Grandios kann jedoch auch zu viel des Guten sein, wie der 799 Seiten starke Band zum Boxen eher unfreiwillig zeigt. Da wird mächtig aufgefahren im Versuch, die Chronik der jüngsten Box-Epoche durch die Interviews mit ihren ausgewählten Protagonisten abzubilden. Fast alle davon sind in Tages- und Wochenzeitungen erschienen, wenn auch für diesen Zweck aktualisiert. Der spezielle Zauber des Sports scheint allerdings nur phasenweise durch. Weil man nach den wirklich persönlichen, gar intimen Auskünften der Interviewten in der protzig-prallen Veröffentlichung länger suchen muss.

Der Schlamm aus Tagesaktualität und Eitelkeiten wird stets mitgeführt im Fluss dieser Gespräche, die in der Summe eine zeitlosere Erzählung ergeben sollen. Das fördert ab und zu ein interessantes, wenig bekanntes Detail zu Tage.

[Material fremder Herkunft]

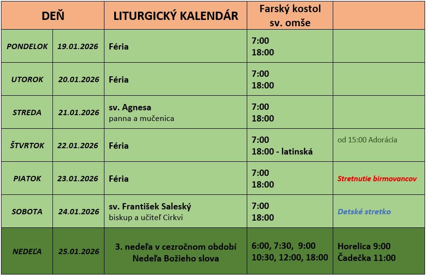 Stretnutie birmovancov bude tento piatok 23.01.2026 po večernej sv. omši v Pastoračnom centre. Birmovancov pozývame aj na sv. omšu.
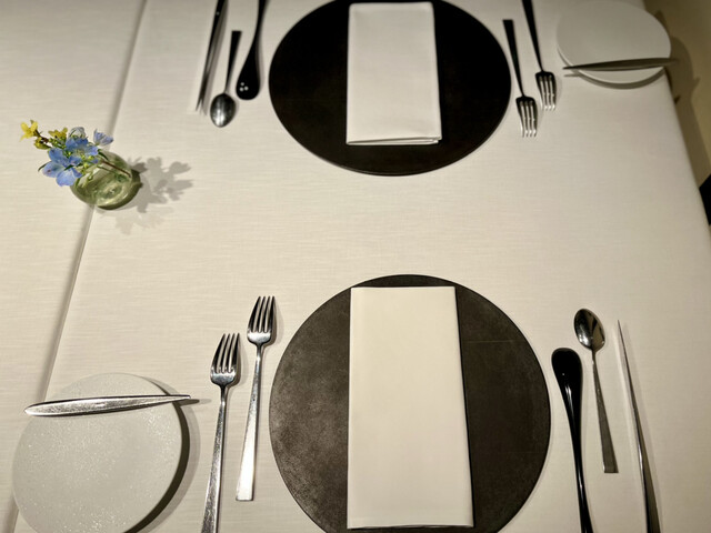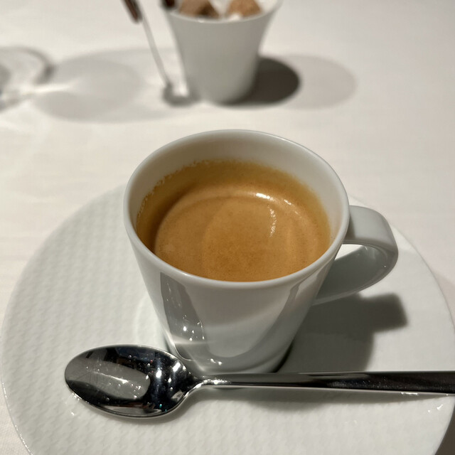 真鯛のスープと椎茸の茶碗蒸し風は絶妙、リ・ド・ヴォーと山菜の組み合わせに山の恵みを、のと115という椎茸とフォアグラのロッシーニは滋味深く、真鯛のポワレは皮がパリッ!で身がフワフワで海の恵みを、牛ランプは赤身って美味いよねと脂の旨さより肉質本来の旨味を堪能した気分で、デザートがフォンダンショコラと冷たいブリュレ?に木苺のソースで幸せでした。皿数はもっと有ったように思いますが、兎に角ひたすら食べまくってしまったので不明です。で、皿によって出てくるカトラリーの例の日本刀造りのナイフの切れ味は、最高で食べるのにストレス感じないサスガの一品だと改めて思いました。
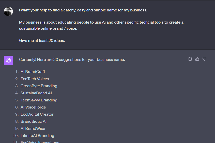 Your business name is your first impression. Chat GPT can help brainstorm names that stick.
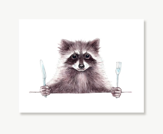 Raccoon Print Funny Animal Art Kitchen Art Watercolor Etsy
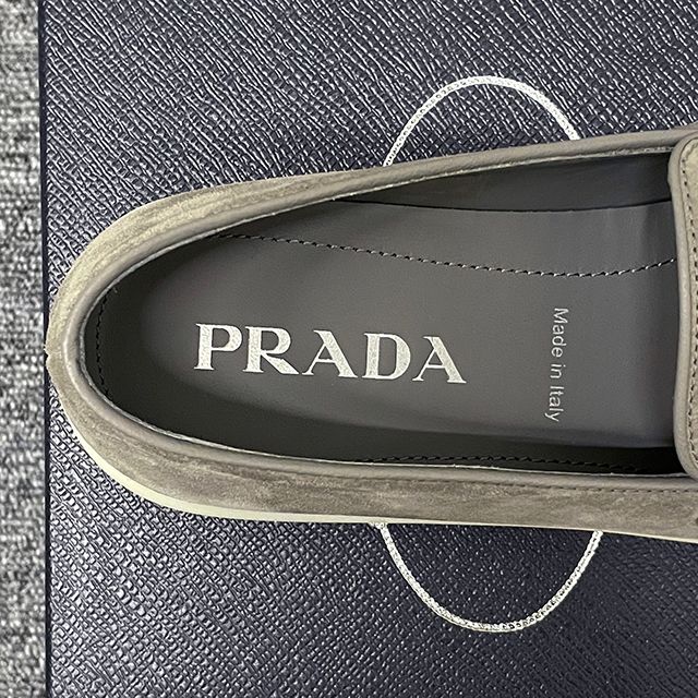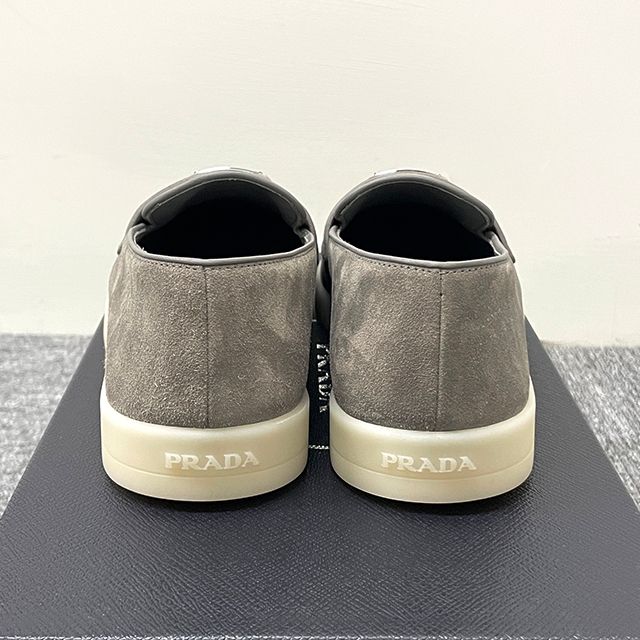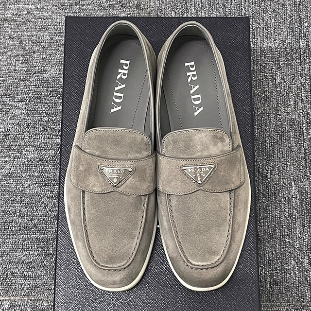 Product Name: Prada Triangle Logo Suede Loafers Gravel Grey (2DG124 103 F073E) 123472418

Anderes bleibt dagegen allgemein gehalten und bietet wenig, was die Faszination oder auch das harte Geschäft des Boxens genauer von innen beleuchtet. Was auch an einer immanenten Schwäche des Interview-Formats liegen mag: Wer ein Mikrofon vorgehalten bekommt, will zunächst die Fallstricke der freien Äusserung vermeiden – und darüber hinaus am liebsten sich selbst so positiv wie möglich ins Bild rücken.

Die unbescheidene Selbstinszenierung, ein Branchen-Syndrom

Es braucht viel Einfühlungsvermögen, aber auch mal kritischen Geist, um sich von Routiniers des grossen Sports weder umgarnen noch «zutexten» zu lassen. Diese Talente stellt der Autor Meinhardt nur gelegentlich unter Beweis. Er ist immer solide vorbereitetet, doch oft zu jovial, um seine Gegenüber festzunageln – oder zusammen mit ihnen unter die Oberfläche der Dinge zu tauchen. So kommen sie bei ihm mit sehr vielem durch – vom perfiden Seitenhieb auf Konkurrenz oder Erzfeinde bis zur höchst unbescheidenen Selbstinszenierung – dem häufigsten Syndrom in dieser Branche der Ego-Shooter.

Auch Stefan Angehrn inszeniert sich bis zu einem gewissen Grad. Er geht dabei nur gescheiter und offener als andere, mitunter fast selbstironisch vor. «Ich hatte keine Lust mehr, Schulden zu machen», begründet er seinen Rückzug aus dem Boxen. Um dann, von einem Grossteil der Altlasten befreit, gleich die Firma zu preisen, die er und seine Partnerin inzwischen gegründet haben. «Mein Ziel ist es nach wie vor, Millionär zu werden», sagt er, «das wollte ich ja immer schon, und ich gebe niemals auf.» Das bombige Geschäft, das bomastische Buch:

Darunter tun sie es offenbar nicht im Boxen.